Andrew W. Mellon Professor in the Humanities and Professor of Spanish

Poet, human rights activist, literary critic. Interested in Jewish literature and literature of human rights in the Americas; women writers of Latin America; migration, identity, and ethnicity.

My creative work is inspired by the theme of social justice as well as the pursuit of remembrance and the memorialization of traumatic historical events both in the Americas and in Europe. I have written about the Holocaust through the portrayal of Anne Frank as well as about the history of Bosnian women during the siege of Sarajevo. I am also a literary scholar and my work has focused on such major writers such as Pablo Neruda, Maria Luisa Bombal and Gabriela Mistral. I have also researched and written about the role of women in Latin America during authoritarian regimes in the seventies and eighties. The work of the Chilean arpilleras has been a pioneer work on this subject. I have also written essays, autobiographical memoirs and a young adult novel.
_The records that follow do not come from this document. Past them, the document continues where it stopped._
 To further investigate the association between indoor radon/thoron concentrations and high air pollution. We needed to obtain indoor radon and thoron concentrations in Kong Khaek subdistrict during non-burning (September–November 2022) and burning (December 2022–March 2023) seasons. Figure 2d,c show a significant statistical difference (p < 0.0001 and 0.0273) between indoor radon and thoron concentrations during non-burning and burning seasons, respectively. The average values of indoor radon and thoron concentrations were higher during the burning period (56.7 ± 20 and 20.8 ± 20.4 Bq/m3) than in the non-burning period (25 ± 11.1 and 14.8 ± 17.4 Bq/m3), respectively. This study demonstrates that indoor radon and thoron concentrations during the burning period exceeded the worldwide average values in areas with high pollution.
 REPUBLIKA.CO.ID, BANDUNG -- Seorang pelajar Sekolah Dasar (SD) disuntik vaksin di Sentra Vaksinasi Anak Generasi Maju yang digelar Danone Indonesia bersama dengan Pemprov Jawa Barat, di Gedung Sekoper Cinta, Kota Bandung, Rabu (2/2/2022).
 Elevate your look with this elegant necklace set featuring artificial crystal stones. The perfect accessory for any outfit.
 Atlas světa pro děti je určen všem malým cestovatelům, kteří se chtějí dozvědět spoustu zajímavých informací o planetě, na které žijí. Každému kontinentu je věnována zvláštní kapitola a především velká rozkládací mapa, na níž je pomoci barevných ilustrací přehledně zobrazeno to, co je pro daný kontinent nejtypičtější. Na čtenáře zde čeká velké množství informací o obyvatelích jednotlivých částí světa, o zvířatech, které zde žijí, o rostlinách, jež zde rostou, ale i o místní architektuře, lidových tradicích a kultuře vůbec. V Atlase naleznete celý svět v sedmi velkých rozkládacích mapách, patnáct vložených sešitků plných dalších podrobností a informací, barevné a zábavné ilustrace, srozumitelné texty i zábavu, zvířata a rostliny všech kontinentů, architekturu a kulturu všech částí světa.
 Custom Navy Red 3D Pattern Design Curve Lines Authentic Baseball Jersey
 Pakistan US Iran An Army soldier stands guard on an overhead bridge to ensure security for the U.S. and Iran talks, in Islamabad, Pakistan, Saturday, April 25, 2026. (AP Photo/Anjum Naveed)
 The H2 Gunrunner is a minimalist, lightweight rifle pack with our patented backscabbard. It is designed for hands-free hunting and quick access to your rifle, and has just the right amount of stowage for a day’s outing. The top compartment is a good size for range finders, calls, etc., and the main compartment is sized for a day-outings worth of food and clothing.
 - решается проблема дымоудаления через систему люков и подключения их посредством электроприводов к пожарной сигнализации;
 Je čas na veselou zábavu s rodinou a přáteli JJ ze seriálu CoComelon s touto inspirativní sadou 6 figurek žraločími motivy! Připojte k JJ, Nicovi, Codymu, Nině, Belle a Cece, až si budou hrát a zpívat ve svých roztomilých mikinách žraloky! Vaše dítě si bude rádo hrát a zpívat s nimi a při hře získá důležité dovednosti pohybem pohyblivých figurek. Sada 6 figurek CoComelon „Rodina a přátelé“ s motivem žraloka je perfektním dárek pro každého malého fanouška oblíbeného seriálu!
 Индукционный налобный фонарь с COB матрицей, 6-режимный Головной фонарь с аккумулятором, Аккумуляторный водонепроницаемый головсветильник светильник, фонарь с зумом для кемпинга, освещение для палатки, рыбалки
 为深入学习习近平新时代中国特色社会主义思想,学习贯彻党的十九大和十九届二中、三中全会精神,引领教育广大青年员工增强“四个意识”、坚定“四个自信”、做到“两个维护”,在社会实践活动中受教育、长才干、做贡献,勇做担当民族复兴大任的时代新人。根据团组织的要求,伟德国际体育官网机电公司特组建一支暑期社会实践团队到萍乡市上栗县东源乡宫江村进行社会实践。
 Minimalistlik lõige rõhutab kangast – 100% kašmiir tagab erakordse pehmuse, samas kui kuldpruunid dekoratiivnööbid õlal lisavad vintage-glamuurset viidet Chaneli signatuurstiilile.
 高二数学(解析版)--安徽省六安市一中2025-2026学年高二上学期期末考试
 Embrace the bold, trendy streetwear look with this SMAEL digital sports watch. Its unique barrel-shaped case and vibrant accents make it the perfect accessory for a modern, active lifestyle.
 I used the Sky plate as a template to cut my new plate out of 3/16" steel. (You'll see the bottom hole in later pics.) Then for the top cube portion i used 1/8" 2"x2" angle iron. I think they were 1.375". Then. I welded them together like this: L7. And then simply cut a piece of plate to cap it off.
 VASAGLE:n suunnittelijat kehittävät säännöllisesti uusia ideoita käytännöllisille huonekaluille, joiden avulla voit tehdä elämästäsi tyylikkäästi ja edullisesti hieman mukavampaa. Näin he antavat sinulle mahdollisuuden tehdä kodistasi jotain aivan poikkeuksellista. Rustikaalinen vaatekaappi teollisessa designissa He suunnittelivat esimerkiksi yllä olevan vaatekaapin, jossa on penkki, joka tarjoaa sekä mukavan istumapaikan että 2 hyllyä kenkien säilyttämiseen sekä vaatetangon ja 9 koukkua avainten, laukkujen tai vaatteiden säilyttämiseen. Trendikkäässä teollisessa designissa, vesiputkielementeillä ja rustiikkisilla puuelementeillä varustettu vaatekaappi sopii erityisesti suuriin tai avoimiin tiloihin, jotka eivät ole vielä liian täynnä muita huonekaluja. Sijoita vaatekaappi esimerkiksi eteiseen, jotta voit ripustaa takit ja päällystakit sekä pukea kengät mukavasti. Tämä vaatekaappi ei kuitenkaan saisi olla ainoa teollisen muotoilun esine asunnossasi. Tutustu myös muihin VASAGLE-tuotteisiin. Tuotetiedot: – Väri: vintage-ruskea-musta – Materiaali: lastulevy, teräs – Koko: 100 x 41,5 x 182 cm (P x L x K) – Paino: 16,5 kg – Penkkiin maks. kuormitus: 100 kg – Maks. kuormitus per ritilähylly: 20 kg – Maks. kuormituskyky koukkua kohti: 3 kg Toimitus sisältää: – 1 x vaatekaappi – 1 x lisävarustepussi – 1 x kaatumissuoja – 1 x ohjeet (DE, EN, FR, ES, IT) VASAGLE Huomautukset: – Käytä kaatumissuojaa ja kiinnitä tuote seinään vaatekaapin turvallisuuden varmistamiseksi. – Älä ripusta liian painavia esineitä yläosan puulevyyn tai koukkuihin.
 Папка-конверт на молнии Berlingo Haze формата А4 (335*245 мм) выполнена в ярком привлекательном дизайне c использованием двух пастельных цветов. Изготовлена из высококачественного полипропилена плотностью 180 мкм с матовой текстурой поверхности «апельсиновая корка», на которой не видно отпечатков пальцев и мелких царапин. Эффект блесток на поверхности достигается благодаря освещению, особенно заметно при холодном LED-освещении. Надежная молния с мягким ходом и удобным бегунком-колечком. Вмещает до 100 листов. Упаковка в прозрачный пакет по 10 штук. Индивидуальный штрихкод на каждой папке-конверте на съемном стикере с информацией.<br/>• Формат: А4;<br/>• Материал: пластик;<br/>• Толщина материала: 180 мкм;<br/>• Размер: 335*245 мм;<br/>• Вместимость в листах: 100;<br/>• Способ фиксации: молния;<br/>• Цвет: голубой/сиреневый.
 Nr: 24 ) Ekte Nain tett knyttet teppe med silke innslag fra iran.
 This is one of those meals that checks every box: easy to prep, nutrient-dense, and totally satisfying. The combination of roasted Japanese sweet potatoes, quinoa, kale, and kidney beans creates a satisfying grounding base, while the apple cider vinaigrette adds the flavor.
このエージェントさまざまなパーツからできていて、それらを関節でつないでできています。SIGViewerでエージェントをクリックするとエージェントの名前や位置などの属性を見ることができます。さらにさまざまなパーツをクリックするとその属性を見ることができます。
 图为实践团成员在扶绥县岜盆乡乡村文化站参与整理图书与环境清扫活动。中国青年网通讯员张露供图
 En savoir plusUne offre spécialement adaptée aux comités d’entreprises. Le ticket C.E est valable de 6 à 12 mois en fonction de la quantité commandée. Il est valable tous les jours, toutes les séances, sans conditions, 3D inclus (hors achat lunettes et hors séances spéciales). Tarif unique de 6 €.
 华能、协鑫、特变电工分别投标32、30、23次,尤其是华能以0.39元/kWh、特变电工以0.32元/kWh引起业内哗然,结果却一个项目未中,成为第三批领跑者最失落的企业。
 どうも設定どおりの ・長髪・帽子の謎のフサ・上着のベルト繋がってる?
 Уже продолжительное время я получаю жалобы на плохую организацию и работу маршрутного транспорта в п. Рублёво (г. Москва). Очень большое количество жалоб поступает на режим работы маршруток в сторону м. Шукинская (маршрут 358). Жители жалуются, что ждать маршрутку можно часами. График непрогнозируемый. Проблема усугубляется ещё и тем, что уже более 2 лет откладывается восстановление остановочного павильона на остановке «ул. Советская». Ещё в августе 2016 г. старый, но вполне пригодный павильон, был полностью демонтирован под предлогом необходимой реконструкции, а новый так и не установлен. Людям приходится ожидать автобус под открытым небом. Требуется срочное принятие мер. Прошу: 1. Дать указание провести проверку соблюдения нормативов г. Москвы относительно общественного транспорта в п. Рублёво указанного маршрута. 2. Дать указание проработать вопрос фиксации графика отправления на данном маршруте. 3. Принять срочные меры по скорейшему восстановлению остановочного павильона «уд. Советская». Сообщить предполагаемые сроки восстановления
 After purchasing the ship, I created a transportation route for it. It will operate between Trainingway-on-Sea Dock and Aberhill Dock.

All of these works have as a unified theme the pursuit of social justice and human rights.

I teach a variety of courses from Writing 125 to a freshman seminar to courses on the subject of historical and public memory in the Americas. I also teach courses on Jewish women writers and on Latin America.

I like to garden, travel, and to compose stories.

Education

  • B.A., University of Georgia
  • M.A., Indiana University
  • Ph.D., Indiana University

Currently teaching

  • This course will explore the vibrant literary culture of Jewish women writers of Latin America from the 1920s to the present. We will examine selected works by these authors, daughters of immigrants, whose various literary genres reveal the struggle with issues of identity, acculturation, and diasporic imagination. Writers include Alicia Steimberg of Argentina, Clarice Lispector of Brazil, and Margo Glantz of Mexico, as well as a new generation of writers who explore issues of multiculturalism and ethnicity. This course is taught in Spanish. (JWST 277 and SPAN 277 are cross-listed courses.)
  • This course will explore the vibrant literary culture of Jewish women writers of Latin America from the 1920s to the present. We will examine selected works by these authors, daughters of immigrants, whose various literary genres reveal the struggle with issues of identity, acculturation, and diasporic imagination. Writers include Alicia Steimberg of Argentina, Clarice Lispector of Brazil, and Margo Glantz of Mexico, as well as a new generation of writers who explore issues of multiculturalism and ethnicity.Students in JWST 227/SPAN 277 and JWST 377/SPAN 377 will all get the same material, but students taking the 300-level version of the course will have additional assignments, including formal presentations and longer writing and independent work.. This course is taught in Spanish. (JWST 377 and SPAN 377 are cross-listed courses.)